Least-Squares Variance Component Estimation Applied to GPS Geometry-Based Observation Model

To achieve the best linear unbiased estimation of unknown parameters in geodetic data processing a realistic stochastic model for observables is required. This work is a follow-up to work carried out recently in which the geometry-free observation model (GFOM) was used. Here, least-squares variance component estimation is applied to global positioning system (GPS) observables using the geometry-based observation model (GBOM). The benefit of using GBOM, rather than GFOM, is highlighted in the present contribution. An appropriate stochastic model for GPS observables should include different variances for each observation type, the correlation between different observables, the satellite elevation dependence of the observables' precision, and the temporal correlation of the GPS observables.

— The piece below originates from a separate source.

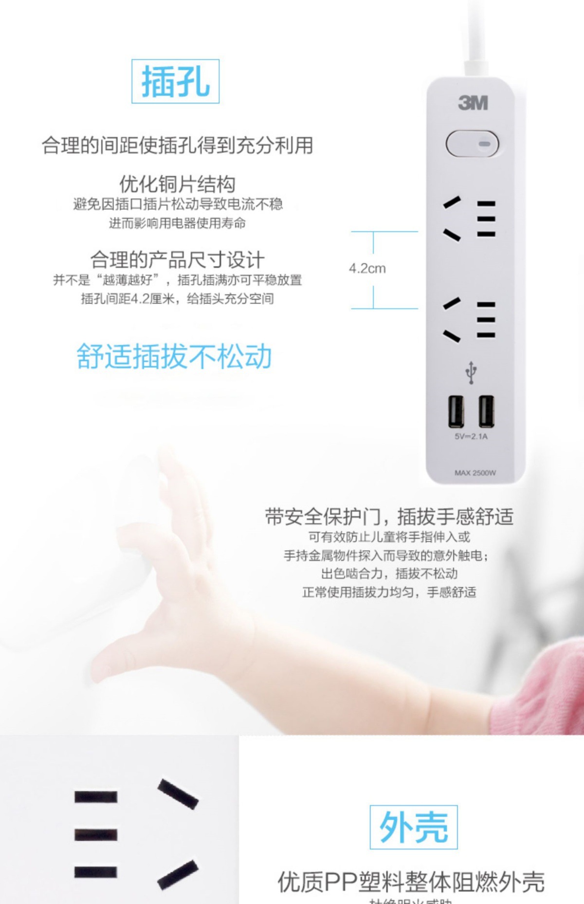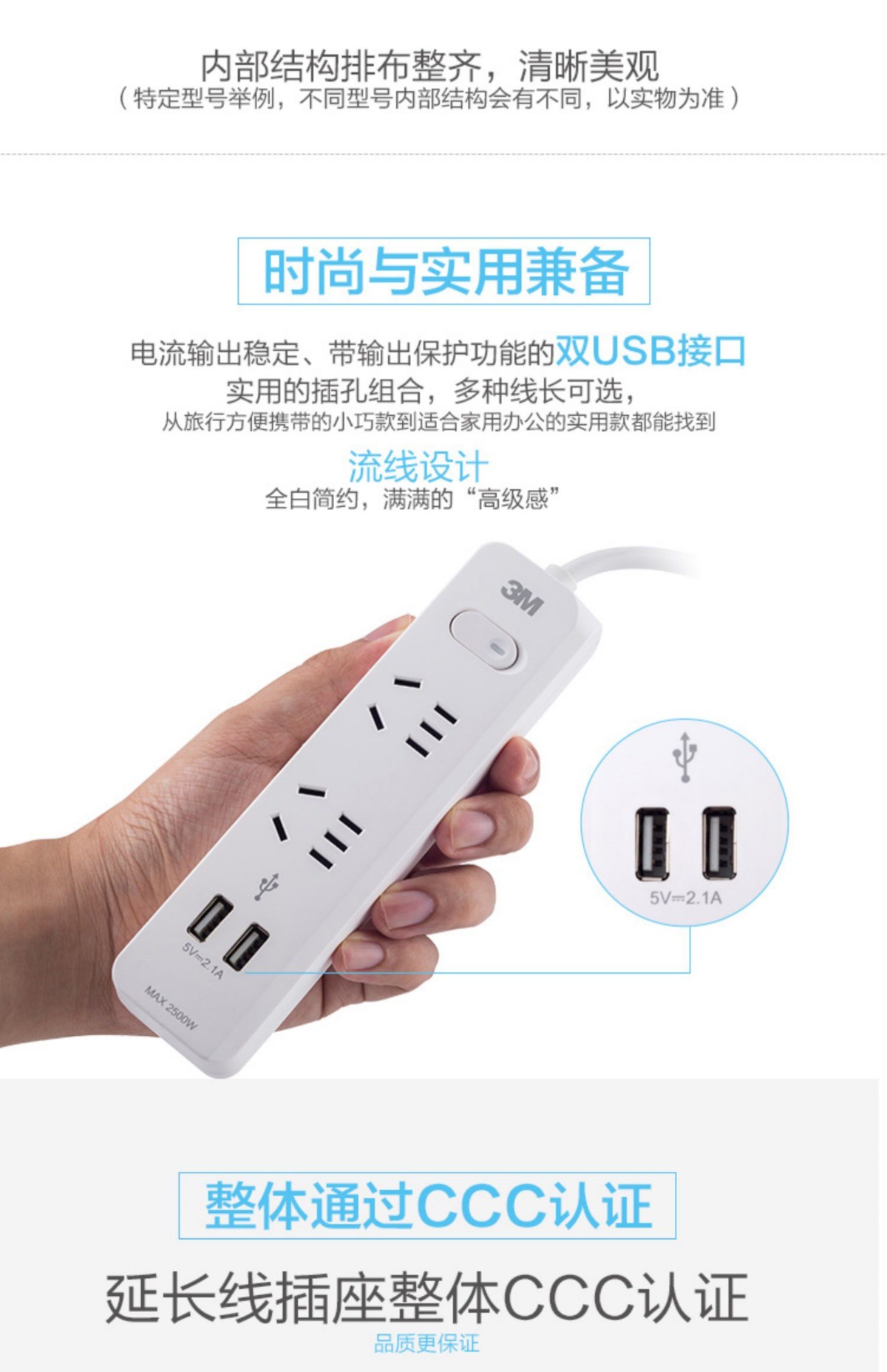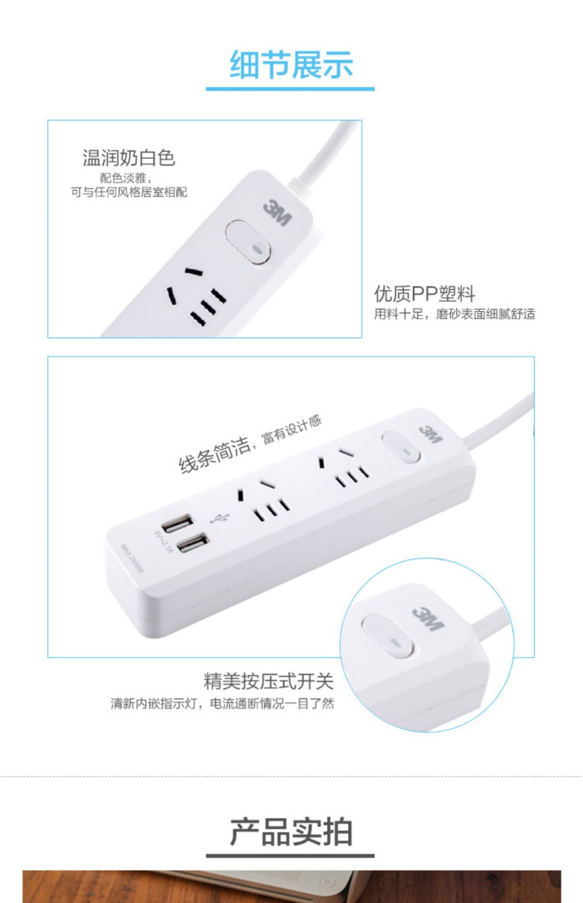 3M 가정용 전원 소켓 USB 플러그 보드 멀티 사용 플러그 6 홀 드로보드 1.8m 전도성 EMD

Unlike the GFOM, in the GBOM two separate variances along with their corresponding covariances are simultaneously estimated for the phase observations of the L1 and L2 frequencies. The numerical results for two receiversnamely, Trimble 4000 SSi (Trimble Navigation, Sunnyvale, California) and Leica SR530 (Leica Geosystems, Aarau, Switzerland)indicate a significant correlation between the observation types. The results show positive correlations of 0.55 and 0.51 between the CA and P2 code observations for Trimble 4000 SSi and Leica SR530, respectively. In addition, the satellites' elevation dependence of the GPS observables' precision is remarkable. Also, a temporal correlation of about 10 s exists in the L2 GPS observables for the Trimble 4000 SSi receiver.